Райский бегло конспектировал.

— Мосолова, секретарь на заводе Козицкого, — продолжал Остромов, почти не глядя в свои записи, демонстрируя мощь свободного, правильно устроенного мозга. — Разговоры о бытовом разложении заводского руководства с примерами, подтверждающими, надо сказать, эти слова… Безобразное пьянство, факты приставания. Правда, считает при этом, что человек без образования иначе себя вести не может, а сейчас все так. В трамваях тоже безобразно, и в кино не пойти. Вообще озабочена половым вопросом, ищет партнера, но все не по ней.

— Фамилии разложенцев называла? — деловито спрашивал Райский.

— Нет, но можно понять, что речь о директоре и о руководителе, я это не знаю, человек, проводящий собрания…

— Это называется парторг, — пояснял Райский назидательно.

— Что же, — говорил Остромов, — я изучил каббалу, изучу и это… Далее: Бражников. Преподаватель начертательной геометрии на математическом факультете. Этот осторожен, но брюзжит, что человеку со способностями невозможно поступить. Принимают черт-те по каким принципам. На лекции невозможно смотреть в зал. Высказывался, что преподаватели массово недовольны.

— Фамилии? — быстро осведомлялся Райский.

— Ну, какие же фамилии… Я говорю, он крайне осторожен.

— А вы бы расспросили!

— Я еще более осторожен, — тонко улыбался Остромов, и в ответ улыбался Райский. Почерк у него был мелкий, записи он вел по системе вроде стенографической, личного изобретения, и ею гордился.

— Ну-с, Мартынов, — продолжал Остромов. — Тут, пожалуй, ничего особенного, кроме легкого ворчания, что в науке сейчас больше карьеристов, что критерий утрачен…

— Вы должны быть со мной абсолютно откровенны, — напоминал Райский.

— Ну, критикует, конечно, руководство университета — но не по политической линии.

— Сейчас ничего неполитического нет.

— Я это учту. Чупрунов, киномеханик Севзапкино. Герой гражданской войны и все время говорит, что не за то боролись и все продали.

— Что именно продали? — уточнял Райский.

— Искусство несвободно, а человек труда беден.

— Очень любопытно, — кивал чекист. Дело пахло заговором и повышением, но пока заговор не вытанцовывался. Говорили о том же, о чем и в очередях. Правда, в очередях собирались не за этим, а здесь налицо была организация. Настораживало Райского только то, что сам же он эту организацию и создал, как минимум благословил, — но если сам и разоблачит, это соображение можно будет не брать в расчет.

— Блинов, типография имени Радищева, — вспоминал Остромов. — Жалобы на бытовые условия, живет с женой, тремя детьми и престарелой матерью в одной комнате, говорит, что десять лет назад не выдержал бы в этой комнате и часа… Львов-Тараненко, счетовод в коммуне «Севкустарь»: с неодобрением отзывался о переносе столицы в Москву. Говорит, что Петербург может быть либо столицей, либо ничем, и почти уже ничто.

— Москва, значит, нехороша ему? — понимающе улыбался Райский. Остромов только кивал.

— Сколько же этих недобитков! — говорил Райский.

— Я удивляюсь, — пожимал плечами Остромов. — Как вы хотите, чтобы их не было? Только мы, масоны, да некоторые поэты — всегда чувствовали, что переворот неизбежен, а прочим надо еще привыкать к новой жизни… Все непросто для узкой души. Потому-то я и осмелился предложить кружок под вашим наблюдением, что это наилучший способ держать на виду и, так сказать, в узде…

— Что же, я не возражаю, — кивал Райский.

Остромов перечислял всех. Называл он и Надежду Жуковскую.

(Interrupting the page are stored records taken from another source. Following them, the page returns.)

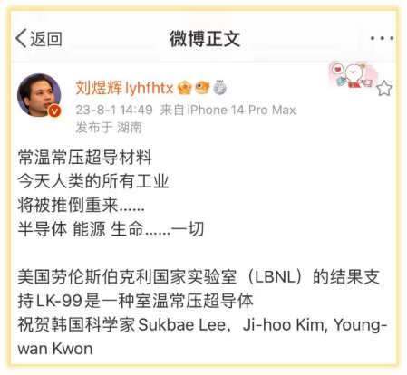 中国社会科学院教授、经济学家刘煜辉也激动得发博:“人类所有工业将被推倒重来,包括半导体、能源……”室温常压超导体的合成和复现,意味着什么?为什么影响这么大呢?
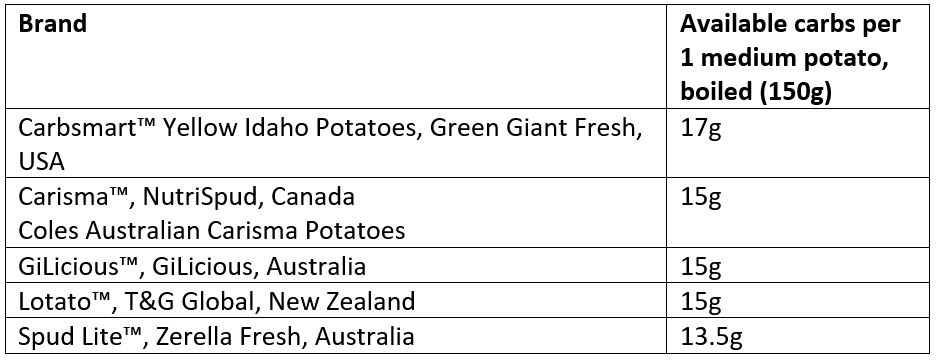 There are some varieties of potato with fewer carbs. We sourced five packaged brands with about 20–25% less carbohydrate than regular spuds. Because growing conditions affect the carb content, the producers test their spuds regularly to ensure they meet the lower carbs claim on the packaging.
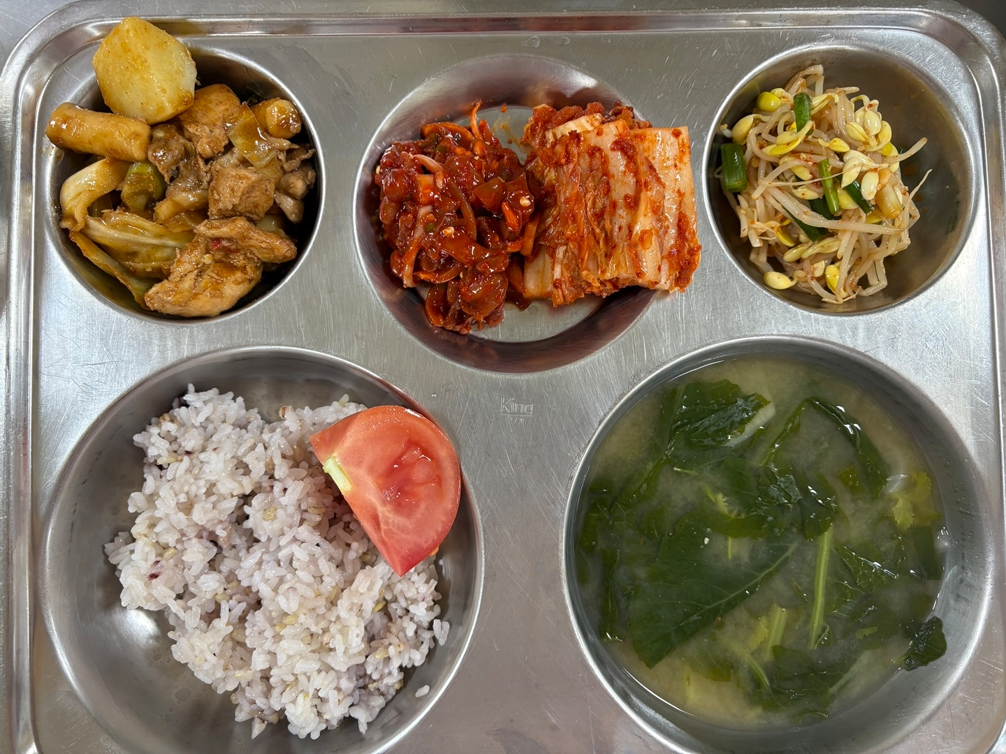 혼합잡곡밥(5)열무된장국(5.6.9.18)블랙스파이시짜파찜닭(2.5.6.13.15)매콤콩나물무침(5.6)오징어젓갈무침(자율)(17)배추김치(자율)(9)꿀토마토(12.13)* 에너지/단백질/칼슘/철800.4/36.9/253.2/3.2

— Эта мне пока непонятна, — говорил он. — Слишком молода и, кажется, простовата, но надо присматриваться. Там могут, знаете, водиться черти.

— Студентка?

— Да, медицинского факультета. Пока ничего, кроме замечаний о том, что преподаватели особо придирчивы к бывшему классу и, наоборот, снисходительны с рабфаком.

— А она чего бы хотела? — усмехался Райский. — Чтобы наоборот? Было уже наоборот… Ну, благодарю, товарищ Остромов. Теперь — к занятиям?

Он откладывал папку, и они шли в соседнюю комнату, где вновь усаживались для беседы — только за столом на этот раз был Остромов, а у стола — Райский. Остромов сразу понял, что инициация Райского для обретения бессмертия возможна только в форме допроса — других разговоров он не понимал; но теперь допрашивал Остромов.

— Вы должны быть со мною совершенно откровенны, — говорил он.

Райский сокрушенно кивал, как ребенок, укравший сливу. Остромов поражался стремительности происходившей с ним перемены: вместо недавнего повелителя миров перед ним сидел покорный ученик, сжавшийся, опустивший глаза.